━━ Records supplied ━━

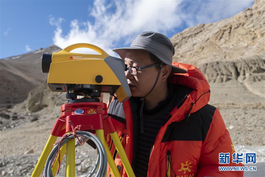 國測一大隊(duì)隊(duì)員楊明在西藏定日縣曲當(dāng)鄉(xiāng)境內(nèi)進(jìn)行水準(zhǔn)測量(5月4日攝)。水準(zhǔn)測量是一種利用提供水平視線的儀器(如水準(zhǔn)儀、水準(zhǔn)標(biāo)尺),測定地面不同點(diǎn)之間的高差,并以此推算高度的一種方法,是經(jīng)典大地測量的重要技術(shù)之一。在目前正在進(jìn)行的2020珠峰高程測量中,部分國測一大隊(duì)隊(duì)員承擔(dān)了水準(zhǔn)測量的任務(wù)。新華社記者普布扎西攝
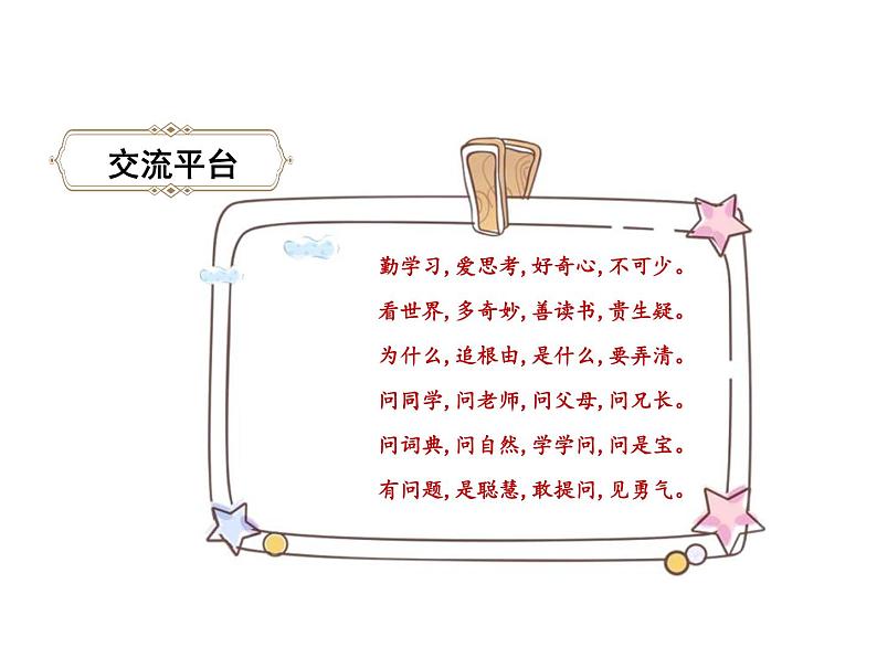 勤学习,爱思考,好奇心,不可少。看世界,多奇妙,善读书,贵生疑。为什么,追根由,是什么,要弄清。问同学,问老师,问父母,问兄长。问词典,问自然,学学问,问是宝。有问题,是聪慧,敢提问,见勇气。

━━━
━━ Records supplied ━━

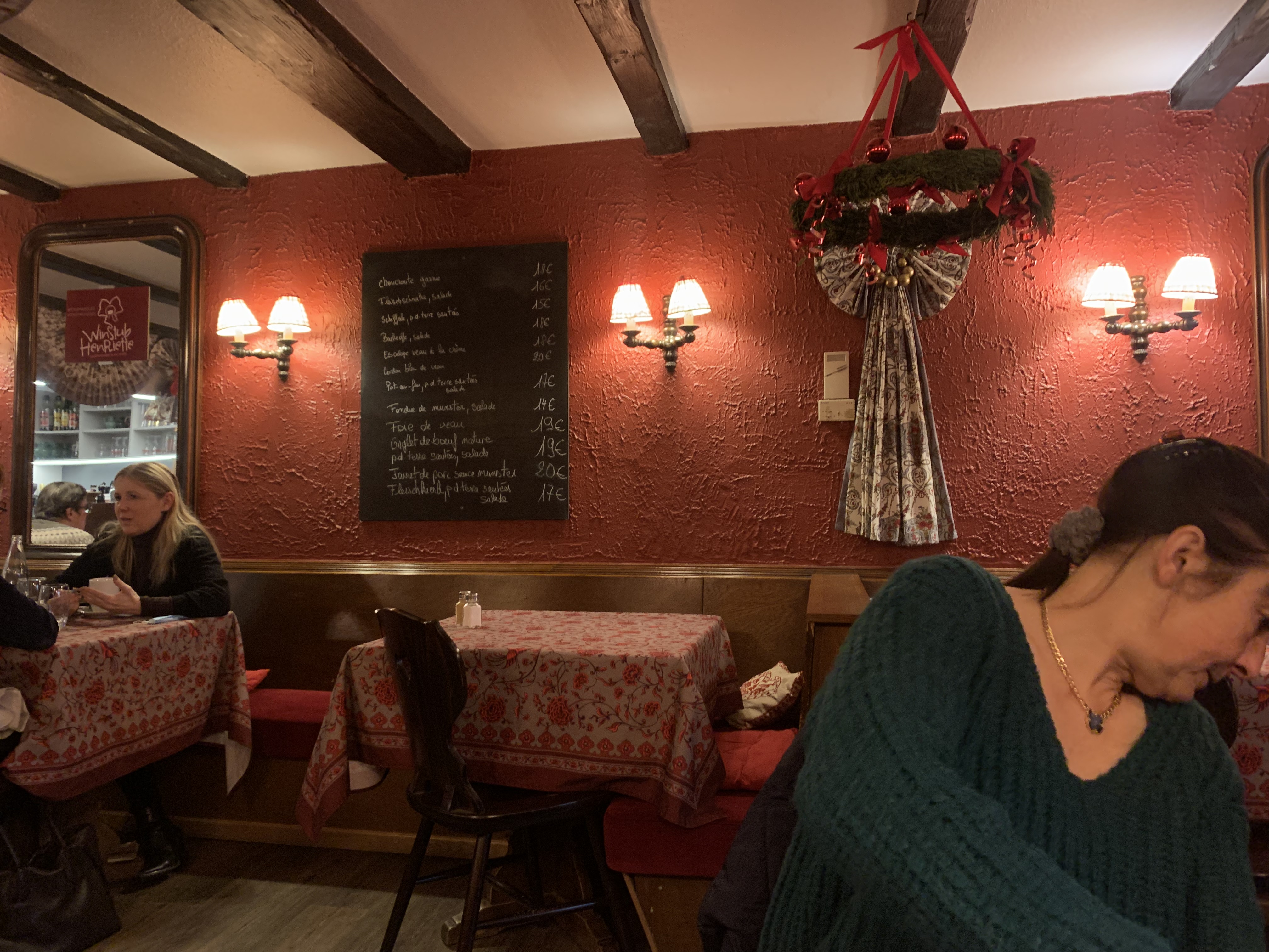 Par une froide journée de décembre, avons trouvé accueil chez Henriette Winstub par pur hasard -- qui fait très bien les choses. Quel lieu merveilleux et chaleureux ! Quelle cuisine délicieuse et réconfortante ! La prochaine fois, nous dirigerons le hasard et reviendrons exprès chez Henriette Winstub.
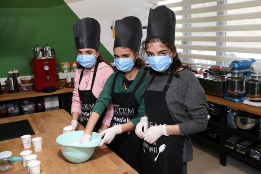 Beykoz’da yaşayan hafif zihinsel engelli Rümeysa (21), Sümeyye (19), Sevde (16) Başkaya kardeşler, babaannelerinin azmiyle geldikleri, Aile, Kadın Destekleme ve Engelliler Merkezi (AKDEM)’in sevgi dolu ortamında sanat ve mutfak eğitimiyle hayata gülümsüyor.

━━━

[What is expected]:
Look through the material above. Transcribe exactly the lines between the ones with "國測一大隊(duì)隊(duì)員楊明在" and "勤学习,爱思考,好奇心,不可", inclusive, and keep pictures out.

[Answer box]:
 國測一大隊(duì)隊(duì)員楊明在西藏定日縣曲當(dāng)鄉(xiāng)境內(nèi)進(jìn)行水準(zhǔn)測量(5月4日攝)。水準(zhǔn)測量是一種利用提供水平視線的儀器(如水準(zhǔn)儀、水準(zhǔn)標(biāo)尺),測定地面不同點(diǎn)之間的高差,并以此推算高度的一種方法,是經(jīng)典大地測量的重要技術(shù)之一。在目前正在進(jìn)行的2020珠峰高程測量中,部分國測一大隊(duì)隊(duì)員承擔(dān)了水準(zhǔn)測量的任務(wù)。新華社記者普布扎西攝
 勤学习,爱思考,好奇心,不可少。看世界,多奇妙,善读书,贵生疑。为什么,追根由,是什么,要弄清。问同学,问老师,问父母,问兄长。问词典,问自然,学学问,问是宝。有问题,是聪慧,敢提问,见勇气。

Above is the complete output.